Our Mission: Turning Cooperatives into Tools for Equity and Self-Sufficiency

by -71 Views

Oleh Prabowo Subianto, diambil dari “Strategi Transformasi Nasional: Menuju Indonesia Emas 2045”, halaman 211-212, edisi softcover keempat.

Koperasi pada dasarnya tentang menyamakan peluang. Mereka ada untuk memberdayakan orang-orang yang kurang beruntung, itulah mengapa revitalisasi koperasi dalam ekonomi kita sangat penting.

Namun, hal ini tidak berarti bahwa kita harus memperkuat koperasi dengan merugikan sektor swasta. Jauh dari itu. Doktrin ekonomi kita mendorong persaingan: biarkan sektor swasta, Badan Usaha Milik Negara (BUMN), dan koperasi bersaing untuk kemajuan.

Tetapi koperasi bertugas untuk mendukung atau memberdayakan yang kurang beruntung. Prinsip ini bukan tentang menciptakan lawan tetapi tentang bergerak maju bersama.

Oleh karena itu, sektor swasta, BUMN, dan koperasi sama-sama memiliki peran dalam mendorong ekonomi bangsa kita. Masing-masing, dengan kekuatan uniknya, dapat memberikan kontribusi yang signifikan. Pendekatan ini telah terbukti berhasil di negara-negara seperti Korea, Thailand, Malaysia, Vietnam, dan China.

Pernah ada masa di mana koperasi Indonesia menjadi dambaan banyak negara, yang datang untuk belajar dari inisiatif kami seperti BIMAS dan BULOG, dan perjalanan kami menuju swasembada.

Saya yakin bahwa dengan kepemimpinan yang tepat, koperasi di Indonesia dapat berkembang dan menjadi alat yang kuat untuk kesetaraan.

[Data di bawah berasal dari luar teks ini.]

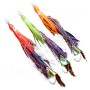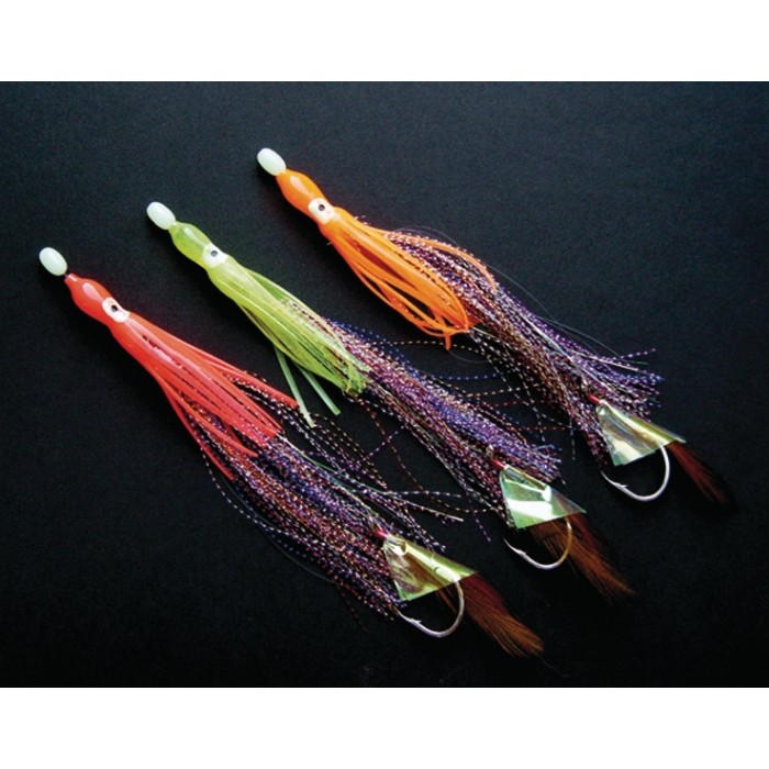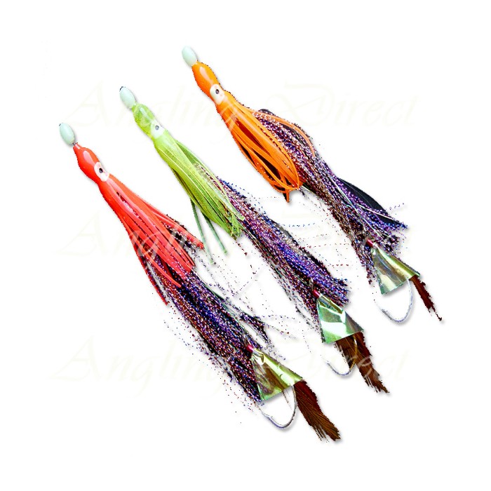 Three multi coloured squid feathered rig with sparkle and iridescent wrap to attract most deep large predatory fish.

Ya, akan ada tantangan dan kegagalan.

Sebagai contoh, mari kita bicara tentang produksi dan distribusi pupuk. Pupuk diproduksi oleh pabrik-pabrik milik negara, oleh rakyat, bukan? Uang rakyatlah yang membangun pabrik-pabrik tersebut. Modal kerja adalah uang rakyat. Namun, setelah pupuk diproduksi dan siap untuk didistribusikan, akhirnya berada di tangan distributor swasta. Pada zaman Presiden Suharto, zaman Orde Baru, tidak seperti ini. Distribusi pupuk ditangani oleh koperasi, koperasi unit desa (KUD).

Karena beberapa melihat koperasi tidak sejalan dengan prinsip pasar bebas, mereka digantikan oleh perusahaan swasta. Dengan privatisasi, distribusi jatuh ke tangan perseroan terbatas (PT), membawa dalam skenario yang terlalu familiar di Indonesia, bukan? Nepotisme menjadi pusat perhatian.

Jadi, kita perlu kembali ke prinsip-prinsip yang benar. Ini adalah milik rakyat, dibangun dengan uang rakyat, didanai oleh anggaran negara – uang rakyat; distribusinya juga harus oleh rakyat, melalui koperasi dan pemerintah jika diperlukan.

Selain sebagai alat kesetaraan, koperasi juga dapat mendorong swasembada kita. Tetapi ini memerlukan upaya bersama, pemikiran, dan komitmen yang serius. Kita tidak bisa menganggap ini sebagai bisnis seperti biasa. Ini bukan tugas biasa. Kami harus mendekatinya sebagai usaha nasional.